The Boarded Chest I
In "The Anarchist's Design Book" Chris Schwarz writes that a boarded chest should take 2 boards and around 10 hours to build. Apparently I took that as a challenge. I took somewhere in the neighborhood of 7 months. Albeit I have excuses. The chest was for me and my use so a paying jobs got in the way, moving my house and shop got in the way, and my own thought patterns, like a murmeration of birds, got in the way.
Boarded chests or 6-board chests are the perfect utilitarian canvas to impose your will upon. I had a desire to explore grain painting, not the subtle kind, the wacko far out there stuff, and I wanted to step up the work I've played with, lining boxes with designed paper, on a large scale item like a chest to see how it felt in overload.

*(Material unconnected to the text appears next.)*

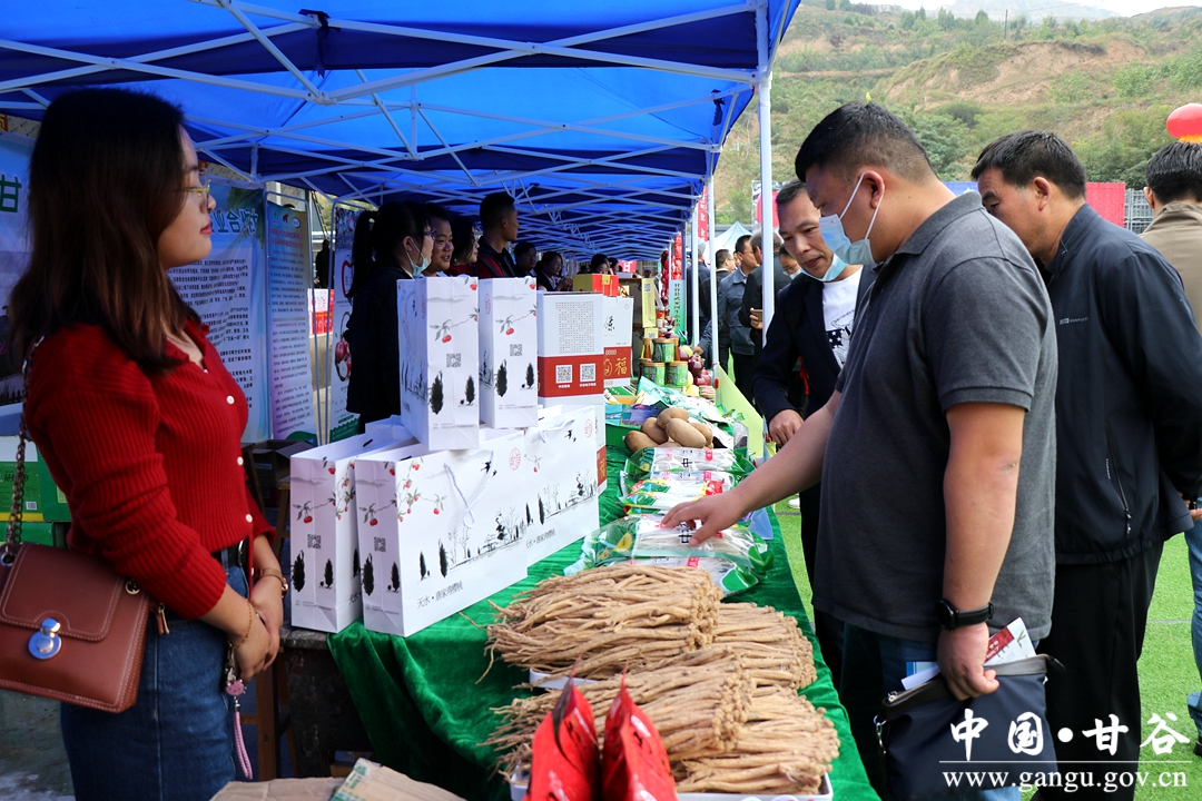 记者在甘谷县大庄镇展区看到,摆满展台的农特产品吸引着各方宾客,有前来参观品尝的,有现场选购的,也有洽谈合作的。

I started with a pile of 1x10x10 foot pine boards from the closest home center. I cross cut them to close to the lengths I wanted and then glued up the panels. Sides, front, back, and bottom. I was not worrying about the lid yet.
With the panels glued up I flattened them. I love the texture of traversed planing in a raking light.
Then I squared up the ends and started laying out for the step joint where the front and back panels rest on the side panels.
Instead of really measuring I used a sector and dividers to measure how tall the legs would be in relation to the sides. I don't recall exactly but a 1:6 ratio seems like what I did.
I cut and ripped the step joint, then I planed rabbets in the bottom of the front and back panel and cut dados in the right place on the end panels.
Then it was time for a dry fit. Everything worked to satisfaction, but the interesting parts were about to begin.